INSTRUCTIONS FOR THE TASK:
Copy each line below that has "DISNEY".

···

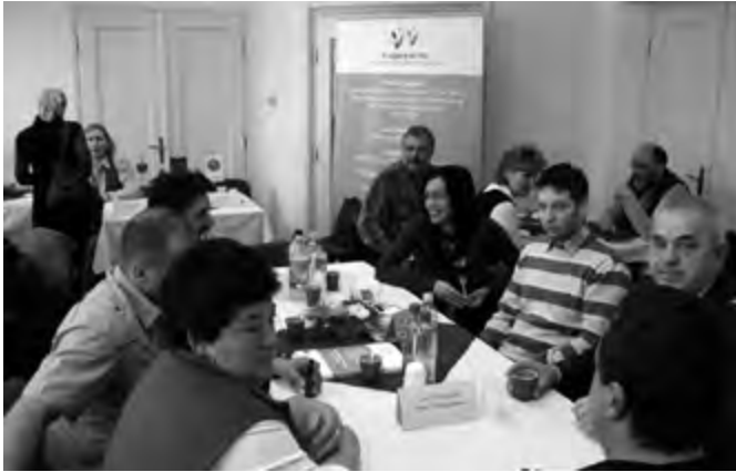
Susret preduzetnika u „Nepkeru”

ti kod sebe legitimaciju praproizvođača, kao i dnevnik prskanja, pomoću kojeg se može proveriti, kada i kojim hemikalijama su tretirani ponuđeni proizvodi. Izložena roba nikako ne sme sadržati strane materije /npr. na peršunu ili krompiru ne sme biti ni zemlje ni drugih nečistoća/. U Evropskoj uniji strogi propisi regulišu kvalitet hrane, pa je između ostalog govorio o propisima, koji se odnosi na kvalitet kivija. U slučaju ovog voća masa ploda ekstra kvaliteta ne sme biti niža od 90 gr, kod prve klase 70 g, a kod II klase ispod 65 gr po plodu. Dakle, prostom računom broja plodova kupac može ustanoviti, koju
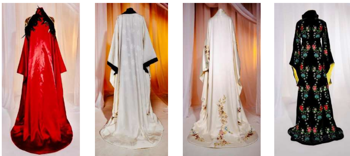
Figura 10. Designer Ermurachi Carolina. Capsulă compusă din patru piese vestimentare - spate.

Elemente etnice românești în kimonoul japonez. Imagini din albumul de colecție.
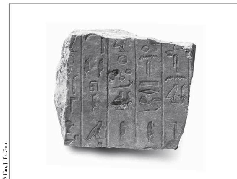
FIG. 1. Fragment AII 1453, montrant la ligne de séparation gravée entre les deux registres AII/F/Se sup et AII/F/Se inf.
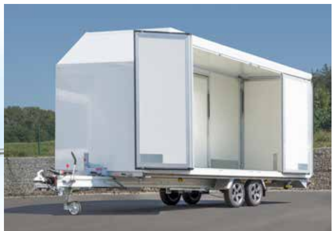
... geöffnet, für freien Zugang zur Ladung.
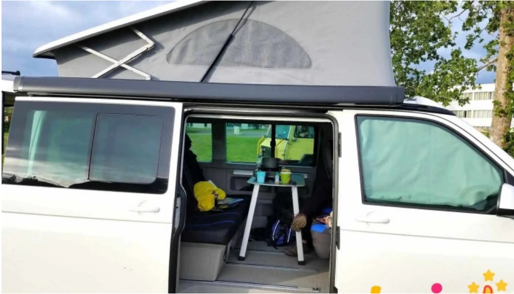
Tjaldsvaedi fra gestum
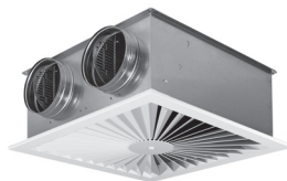
DSQ met plenumbox K2
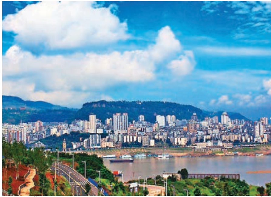
重慶市萬州區一景。

香港文匯報訊(記者 孟冰 重慶報導)重慶萬州區是位於三峽庫區的第二大轄區，移民數量佔三峽庫區的1/5，肩負着「生態涵養」與「重點開發」的雙重使命。萬州提出立足生態涵養發展要求，圍繞五大特色產業，重點發展汽車製造、紡織服裝、裝備製造、照明電氣及農副產品加工產業。
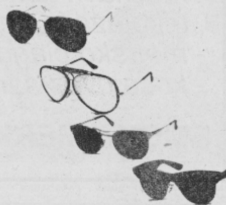
bogata izbira sončnih očal
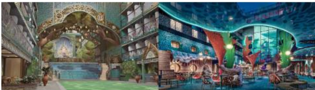
DISNEY IMAGINATION GARDEN

ก้าวออกไปยัง ระเบียงส่วนตัวของคุณ เพื่อดื่มด่ำกับทิวทัศน์อันงดงามตระการตา ไม่ว่าจะเป็น วิวทิวทัศน์, DISNEY IMAGINATION GARDEN หรือ DISNEY DISCOVERY REEF ที่คุณสามารถ เพลิดเพลินได้อย่างสบายจากภายในห้องพักของคุณ
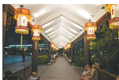
位于奥飞广场的灯谜长廊

···

SOLUTION BELOW:
DISNEY IMAGINATION GARDEN
ก้าวออกไปยัง ระเบียงส่วนตัวของคุณ เพื่อดื่มด่ำกับทิวทัศน์อันงดงามตระการตา ไม่ว่าจะเป็น วิวทิวทัศน์, DISNEY IMAGINATION GARDEN หรือ DISNEY DISCOVERY REEF ที่คุณสามารถ เพลิดเพลินได้อย่างสบายจากภายในห้องพักของคุณ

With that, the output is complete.